### Data to examine
****************
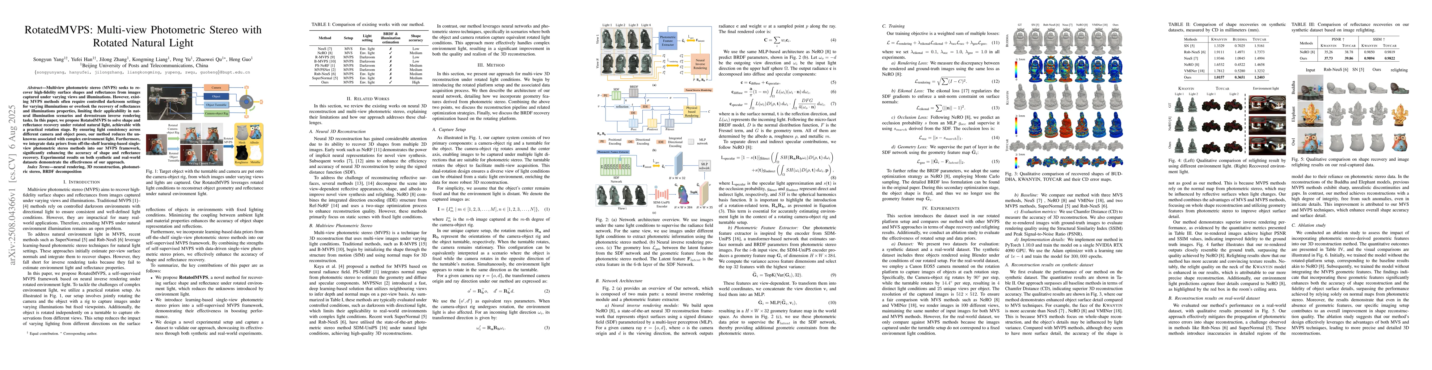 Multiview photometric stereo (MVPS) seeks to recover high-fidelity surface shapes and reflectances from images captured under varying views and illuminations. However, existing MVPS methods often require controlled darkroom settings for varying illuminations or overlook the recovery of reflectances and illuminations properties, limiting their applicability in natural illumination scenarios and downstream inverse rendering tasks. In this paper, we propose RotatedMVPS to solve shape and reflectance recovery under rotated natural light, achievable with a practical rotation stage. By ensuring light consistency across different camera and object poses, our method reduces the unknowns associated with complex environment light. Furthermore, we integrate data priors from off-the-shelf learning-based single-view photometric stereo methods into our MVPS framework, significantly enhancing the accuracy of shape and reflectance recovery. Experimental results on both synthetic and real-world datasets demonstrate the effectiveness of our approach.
****************
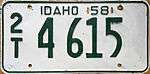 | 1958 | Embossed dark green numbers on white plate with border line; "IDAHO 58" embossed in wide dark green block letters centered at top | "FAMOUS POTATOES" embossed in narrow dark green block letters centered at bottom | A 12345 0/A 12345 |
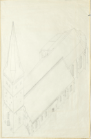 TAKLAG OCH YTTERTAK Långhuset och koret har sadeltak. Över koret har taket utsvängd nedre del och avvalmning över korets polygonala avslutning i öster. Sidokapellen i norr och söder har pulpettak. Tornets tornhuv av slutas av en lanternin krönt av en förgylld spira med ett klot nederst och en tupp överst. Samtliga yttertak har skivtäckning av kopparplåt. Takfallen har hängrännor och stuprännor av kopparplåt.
****************
### What you will do
Please copy out from the data above, without any picture, exactly the lines running from the one that holds "0/A 12345 |" through the one that holds "TAKLAG OCH YTTERTAK", and nothing beyond them.

### Solved problem
 | 1958 | Embossed dark green numbers on white plate with border line; "IDAHO 58" embossed in wide dark green block letters centered at top | "FAMOUS POTATOES" embossed in narrow dark green block letters centered at bottom | A 12345 0/A 12345 |
 TAKLAG OCH YTTERTAK Långhuset och koret har sadeltak. Över koret har taket utsvängd nedre del och avvalmning över korets polygonala avslutning i öster. Sidokapellen i norr och söder har pulpettak. Tornets tornhuv av slutas av en lanternin krönt av en förgylld spira med ett klot nederst och en tupp överst. Samtliga yttertak har skivtäckning av kopparplåt. Takfallen har hängrännor och stuprännor av kopparplåt.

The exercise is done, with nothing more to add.